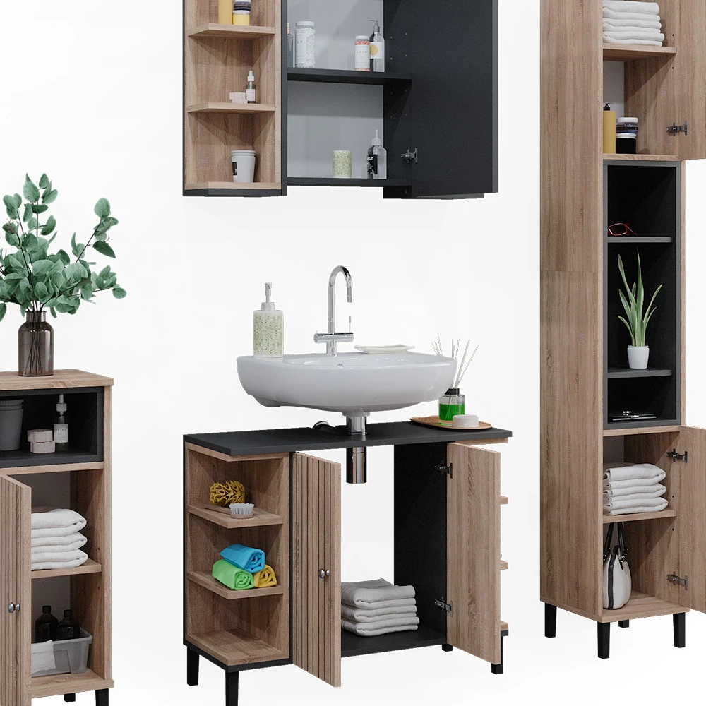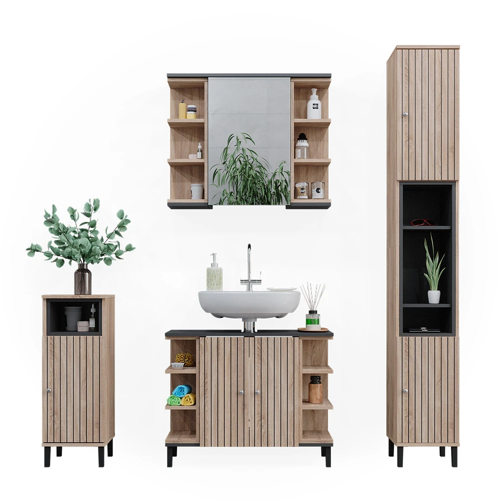 - Erleben Sie das Vicco Badmöbel-Set Aquis in Sonoma-Anthrazit – Ihre moderne Badezimmerlösung. Mit Waschtischunterschrank, Midischrank, Hochschrank und Spiegelschrank schaffen Sie stilvollen Stauraum.
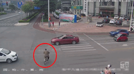 视频显示,一名女子骑自行车边转弯边横穿马路,与一辆慢速行驶的车辆发生碰撞,女子倒地受伤。
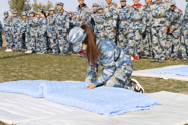 首先,各连教官带领学生们开展体能、队列训练,对军训内容进行了强化练习。随后,在休息时间组织了“叠被子”大赛,经过激烈比拼,评选出六名“学长计划”内务标兵,并由辅导员孟丽婷为获奖学生颁奖。最后,各连教官同学生们一起开展了“十人九足”、“丢手绢”等互动活动,使学生们在紧张的训练之余,能够在娱乐中互相了解并增进集体凝聚力。
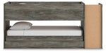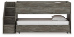 Details Includes loft bed, left storage steps with loft ends, loft caster bed and 2 sets of roll slats, Made with engineered wood (MDF/particleboard/plywood) and decorative laminate for the right balance of affordability and durability, Rustic warm gray finish over replicated oak grain with authentic touch, Decorative laminate replicates natural or man-made material surfaces with consistent color, pattern and texture, Bed does not require additional foundation/box spring, Mattress available, sold separately, Assembly required
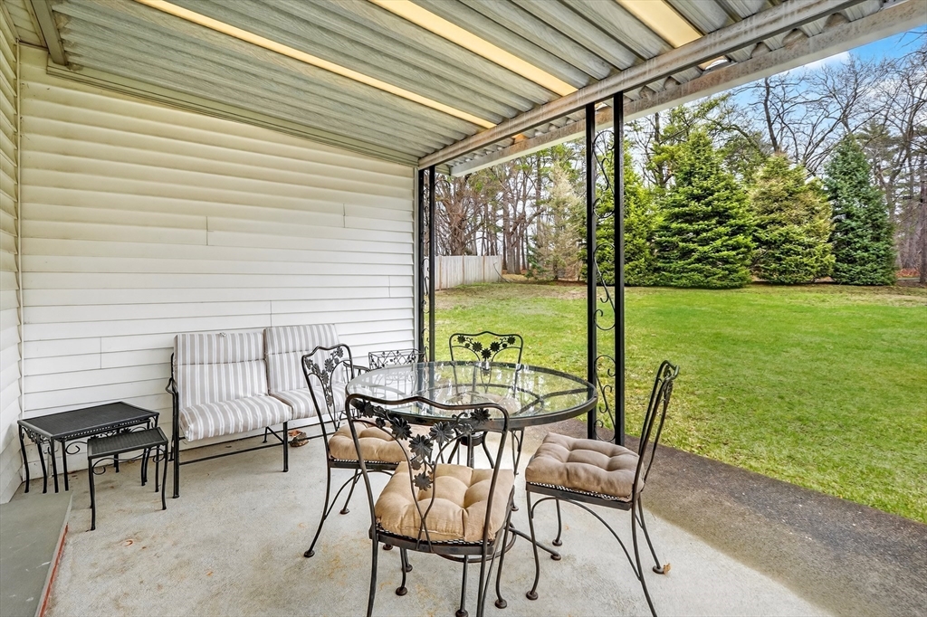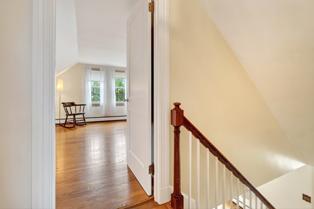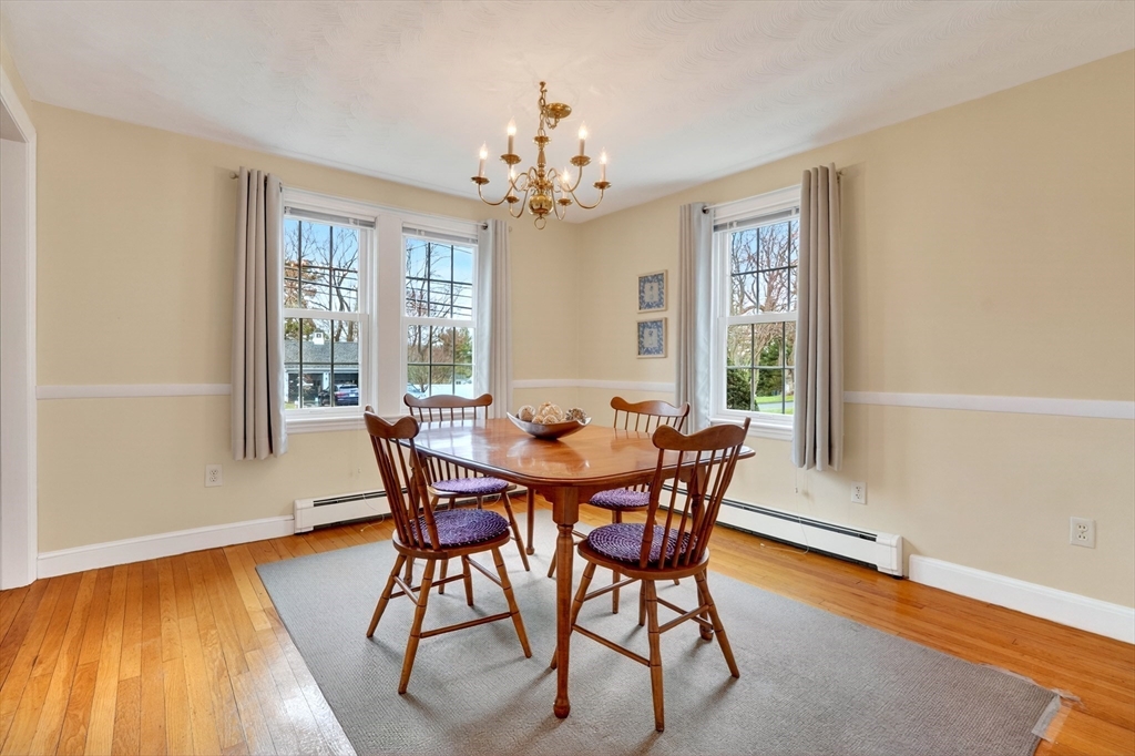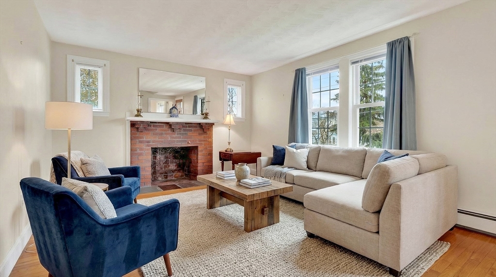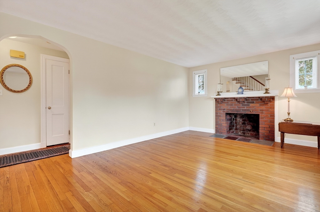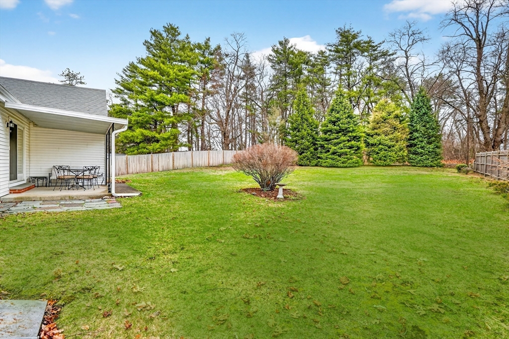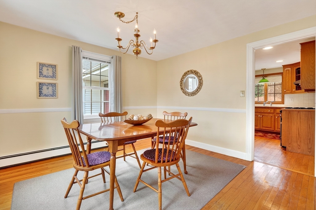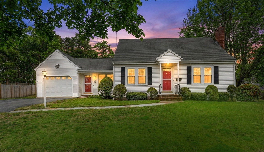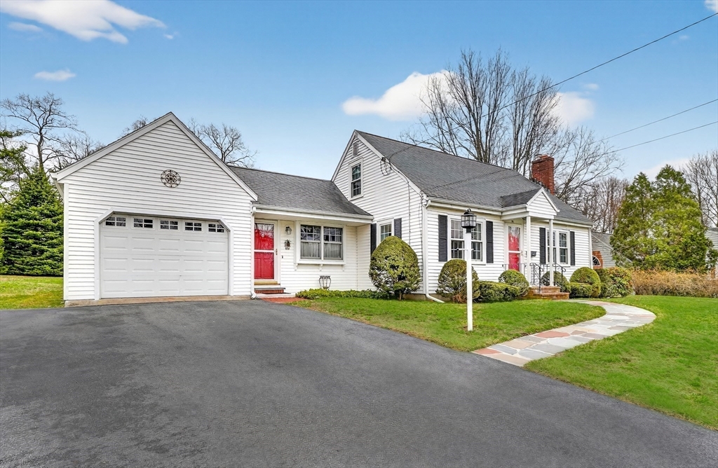 Immaculate cape set on a beautiful, level lot in a convenient neighborhood close to town, highway and public transportation. This home has been lovingly cared for and thoughtfully updated over the last forty years by the current owners. The cheery kitchen opens to a breezeway/den with access to a covered patio overlooking the private yard. There is also a fireplaced living room, dining room and a bedroom and full bath on the first floor. Upstairs are two generous bedrooms. The unfinished basement offers great storage and expansion potential. Young boiler, replacement windows, easy care vinyl siding, oversized one-car garage. Ready for your personal touch!

========================

:: EXERCISE DIRECTIONS ::
Once the pictures are removed, copy the listing exactly.

:: ANSWER BOX ::
 - Erleben Sie das Vicco Badmöbel-Set Aquis in Sonoma-Anthrazit – Ihre moderne Badezimmerlösung. Mit Waschtischunterschrank, Midischrank, Hochschrank und Spiegelschrank schaffen Sie stilvollen Stauraum.
 视频显示,一名女子骑自行车边转弯边横穿马路,与一辆慢速行驶的车辆发生碰撞,女子倒地受伤。
 首先,各连教官带领学生们开展体能、队列训练,对军训内容进行了强化练习。随后,在休息时间组织了“叠被子”大赛,经过激烈比拼,评选出六名“学长计划”内务标兵,并由辅导员孟丽婷为获奖学生颁奖。最后,各连教官同学生们一起开展了“十人九足”、“丢手绢”等互动活动,使学生们在紧张的训练之余,能够在娱乐中互相了解并增进集体凝聚力。
 Details Includes loft bed, left storage steps with loft ends, loft caster bed and 2 sets of roll slats, Made with engineered wood (MDF/particleboard/plywood) and decorative laminate for the right balance of affordability and durability, Rustic warm gray finish over replicated oak grain with authentic touch, Decorative laminate replicates natural or man-made material surfaces with consistent color, pattern and texture, Bed does not require additional foundation/box spring, Mattress available, sold separately, Assembly required
 Immaculate cape set on a beautiful, level lot in a convenient neighborhood close to town, highway and public transportation. This home has been lovingly cared for and thoughtfully updated over the last forty years by the current owners. The cheery kitchen opens to a breezeway/den with access to a covered patio overlooking the private yard. There is also a fireplaced living room, dining room and a bedroom and full bath on the first floor. Upstairs are two generous bedrooms. The unfinished basement offers great storage and expansion potential. Young boiler, replacement windows, easy care vinyl siding, oversized one-car garage. Ready for your personal touch!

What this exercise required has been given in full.